They are the ones who arrive first at the scene of a car wreck, natural disaster, fire, terrorist attack, shooting or other emergency. They are the ones who render aid in high stress situations and tragedy.
They are the ones who question not the danger that may await—but are concerned only with helping their fellow man and woman as part of a calling heard only by the few. They are first responders—a special crew, providing lifesaving measures for strangers.
On the 18th anniversary of Sept. 11, the Culpeper community gathered for the first-ever Prayer Service and Tribute for local first responders. Various faith leaders stood atop the staircase leading to the county jail office to utter words of protection on a day remembered for the high cost to first responders.
On 9/11, the New York City Fire Department lost 343 among its ranks while 23 New York City police officers and 37 Port Authority officers perished, according to the 9/11 Commission. Many more fell ill and continue to suffer from their response on that day.
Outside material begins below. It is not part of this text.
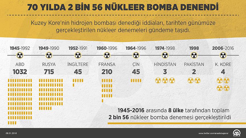 Nükleer Denemelerin Kapsamlı Yasaklanması Antlaşması Örgütü (CTBTO) verilerine göre 1945'ten günümüze kadar 2 bin 56 nükleer deneme gerçekleştirildi.

Some 300 miles away in downtown Culpeper, a contingent—many in uniforms—gathered for song and appeals to a higher power.
Pastor Erik Kalenga, of his Village Church, organized the hour-long noonday service that took place on the shady side of the courtyard next to the Culpeper County Courthouse. Born in the Congo and raised in South Africa, he moved to the U.S. just two months before 9/11.
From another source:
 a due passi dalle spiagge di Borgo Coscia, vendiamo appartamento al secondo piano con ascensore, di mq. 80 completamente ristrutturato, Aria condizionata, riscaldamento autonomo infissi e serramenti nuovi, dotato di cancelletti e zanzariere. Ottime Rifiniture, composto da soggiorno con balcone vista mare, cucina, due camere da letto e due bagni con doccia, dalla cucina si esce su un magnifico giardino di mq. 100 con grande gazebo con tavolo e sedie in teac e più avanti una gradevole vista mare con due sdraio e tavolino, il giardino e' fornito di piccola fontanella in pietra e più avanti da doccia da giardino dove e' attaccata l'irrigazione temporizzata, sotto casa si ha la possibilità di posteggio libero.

“My life was forever changed because of what we all witnessed,” said Kalenga, who became a U.S. citizen in 2016. He recalled how the country came together after 9/11 for a cause and a reason. “We put our differences aside and said, we are going to unite,” Kalenga said.
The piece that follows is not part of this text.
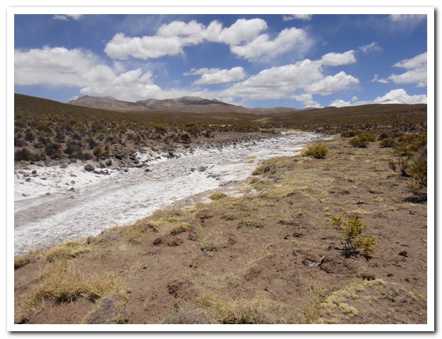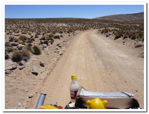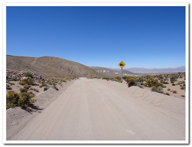 Je rencontre une camionnette de « déminage humanitaire », oh là là ça se complique, j’espère qu’ils ont bien fait leur travail… Je les arrête, je suis sur la bonne route ? Sur la route d’Enzo ils ne savent pas, sur la route de Guallatire oui. Je vais encore rencontrer un 4X4 et un camion qui chacun me demandera si je n’ai besoin de rien.

On Wednesday, a small crowd united to honor first responders. Mayor Mike Olinger read a proclamation declaring Sept. 11, 2019 as Patriot Day in the town of Culpeper. Tabatha Haines and Candice Kalenga provided the music and words of appreciation to first responders.
“We praise the people who are still working in this position,” Haines said. “You don’t know if you are going to make it home, but still you serve.”
Arthur Fellows, chaplain with the Culpeper Volunteer Rescue Squad, gave a prayer for firefighters. A volunteer first responder for 53 years in his native New York, he moved to Culpeper a decade ago and continued to serve, providing a spiritual presence for those working on the front lines.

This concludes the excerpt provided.